Azaiah laughed. “If I am, it’s safe to say that you solved me, my companion.” He stopped, catching sight of something in the distance. “Look, there, do you see that field shimmering like glass in the sun?”

Nyx squinted, then nodded. “Yes. They call it the Heart of Arktos. It looks like glass because that’s what it is, although no one knows why it’s red. They say Atreus Akti died there.”

“He did,” Azaiah said. “I came for him, and Ares wept tears of bloody flame as their love died in their arms. Those tears turned the sand to glass, and that’s why it’s red.”

“He was a good man,” Nyx said. “Atreus. I marched with his Arkoudai for a time. He didn’t mind mercenaries, despite what you hear about how insular the Arkoudai were, and he treated his soldiers fairly.” For a man like Nyx, that would of course make him a general worthy of respect. “Did he not love Ares, then? I would think a man bound to war might, but then again… I was, and maybe I’d fallen for Death, but your sibling is another thing altogether.”

“It takes a rare soul to love one such as Ares,” Azaiah agreed. “For if someone loves conflict and battletoomuch, it turns the heart dark. Ares is war personified, but they are not evil, any more than the storms that sink ships are evil, or the windstorms in the Starian plains that turn into great funnels and tear apart whole villages in seconds. To love my sibling would require temperanceanda love of battle, and that combination is hard to find. Atreus was one such person, but his heart was given to another long before he met Ares.”

“Is Kataida such a person?” Nyx asked.

“I don’t know,” Azaiah said. “I can’t see bonds, since the potential doesn’t only exist with one person, but it would seem as if that may be the case. I suppose we shall have to wait and see if Ares wakes and she goes to them.”

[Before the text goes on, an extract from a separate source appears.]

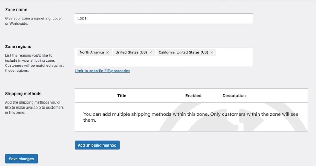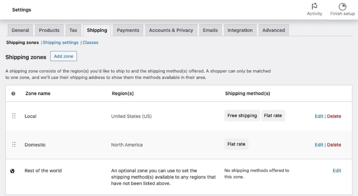 In the above example, zones have been configured for local deliveries and domestic shipping. For the Local zone, Free shipping and Flat rate shipping have been set as the shipping methods.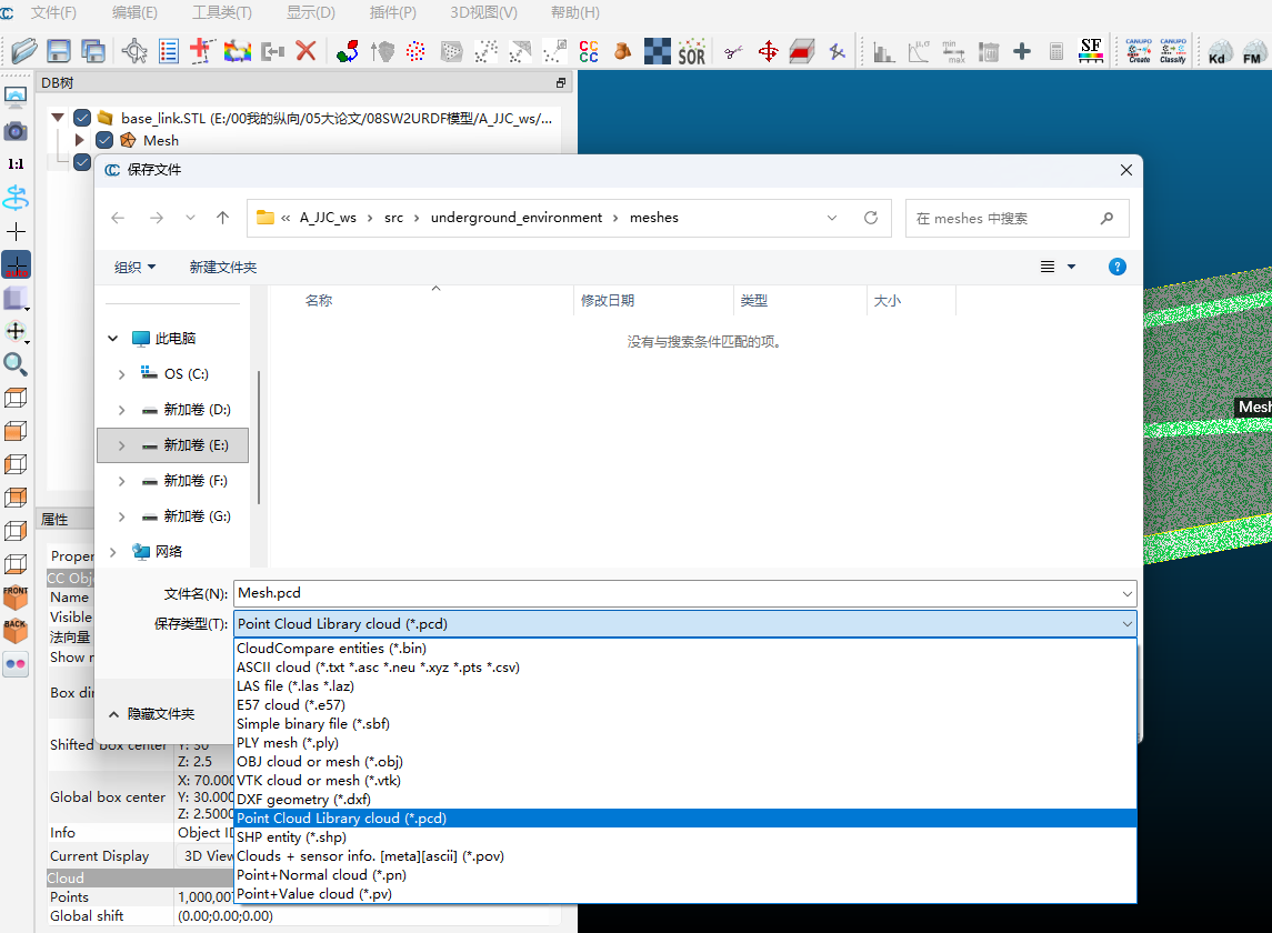 可以看到全局点云坐标范围,以SW模型原点为参考坐标

“She had the look of a soldier,” Nyx said. “But all of them do, don’t they? The Arkoudai. You’d think Ares would want to be up and about, walking among them.”

“I think they are content to let their love come to them, when it is time. Kataida is not only Atreus Akti reborn, she is also of his line. Maybe that is what Ares waited for. I do not know.”

“And here we think gods know everything,” Nyx murmured.

“We know what we know, Nyx. Are you going to tell me where we’re going?”